Background: We assessed trends in moxifloxacin-use and efficacy for MG over a decade at Melbourne Sexual Health Centre (MSHC). Specific Mycoplasma genitalium (MG) mutations, namely ParC-S83I, have been associated with moxifloxacin failure. In 2024 MSHC introduced ParC-S83 testing, recommending moxifloxacin for ParC-S83 wildtype infections and alternative regimens if the ParC-S83I mutation was detected. We present preliminary impacts of ParC-S83 testing on moxifloxacin-use and efficacy.
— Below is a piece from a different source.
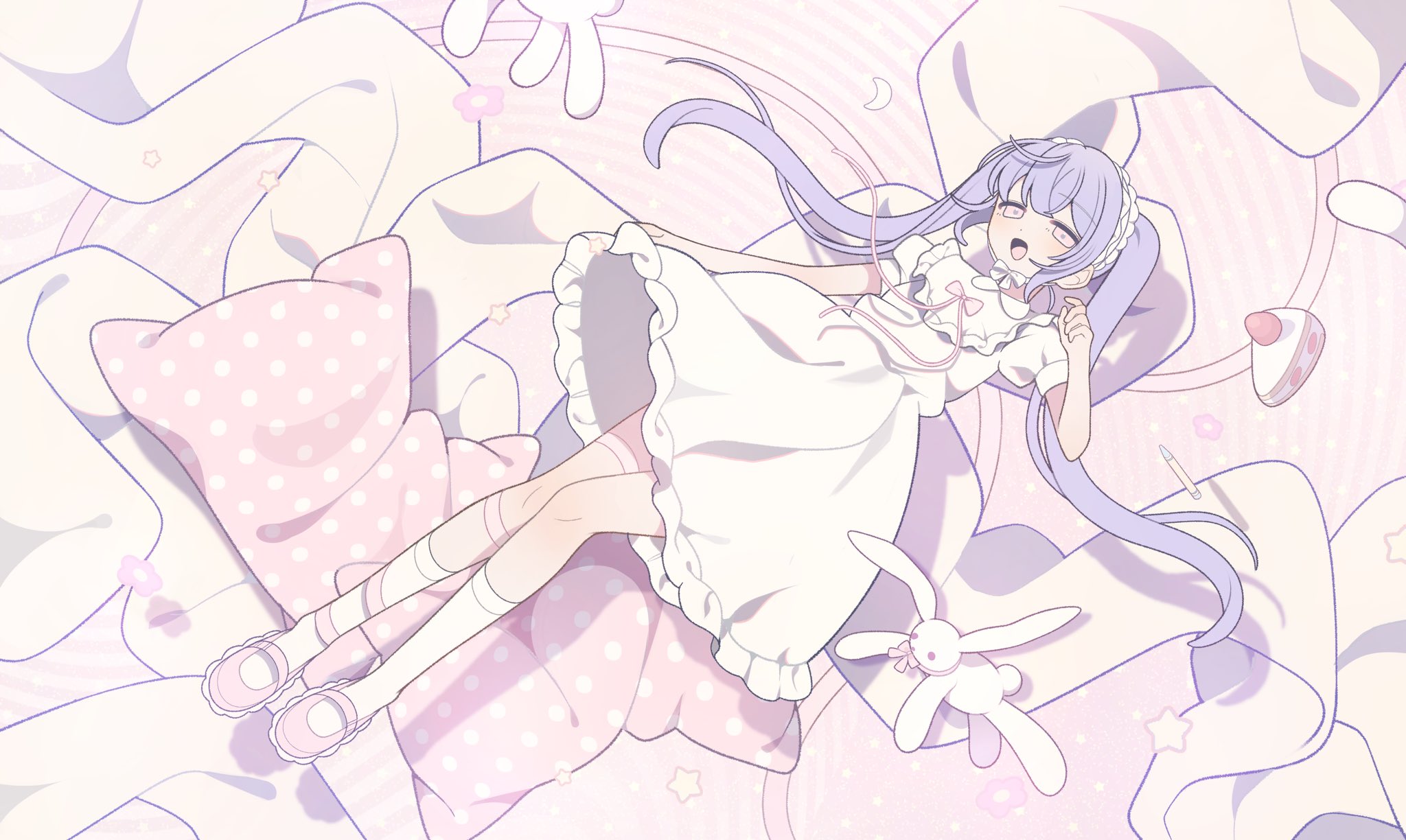 :d1girlbonnetbowbowtiecakecake slicedressflowerfoodfrilled bonnetfrilled dressfrillsfrom abovefruitfull bodyhair between eyeshand upkneehighslong legslyingmary janesmedium dresson backopen mouthpencilpillowpink backgroundpink bowpink bowtiepink eyespink flowerpink shoespuffy short sleevespuffy sleevespurple hairshadowshoesshort sleevessimple backgroundsmilesockssolostar (symbol)strawberrystrawberry cakestuffed animalstuffed rabbitstuffed toythigh straptonguetwintailswhite bonnetwhite bowwhite dresswhite socks

Methods: Clients with MG from 2015-2024 were treated with doxycycline preceding macrolide-resistance guided azithromycin or moxifloxacin. Clients with a test-of-cure 14-90 days after completing moxifloxacin who reported >50% adherence and no condomless sex prior to test-of-cure were eligible for efficacy analyses. Proportions with 95% confidence intervals (CIs) were calculated for moxifloxacin-use and efficacy, with trends assessed by logistic regression. Moxifloxacin-use and efficacy were compared in the 12-months before and after introduction of the ParC-S83 assay.

Results: From 2015-2024, 2,611/5,739 MG infections received moxifloxacin. Moxifloxacin-use increased from 6.7% (n=19/282; 95%CI:4.1-10.3%) in 2015 to 60.3% (n=482/800; 95%CI:56.8-63.7%) in 2023 (ptrend<0.0001). Efficacy analyses included 1,623 infections. Moxifloxacin-efficacy decreased from 100% (n=11/11) in 2015 to 79.3% (n=238/300, 95%CI:74.3-83.8%) in 2023 (ptrend=0.007). After introduction of the ParC-S83 assay, moxifloxacin-use decreased from 60.3% (n=482/800, 95%CI:56.8-63.7%) in 2023 to 49.2% (n=438/890, 95%CI:45.9-52.6%) in 2024 (p<0.0001) and cure increased from 79.3% (n=238/300, 95%CI:74.3-83.8%) in 2023 to 89.2% (n=116/130, 95%CI:82.6-94.0%, p=0.013) in ParC-S83 wildtype infections.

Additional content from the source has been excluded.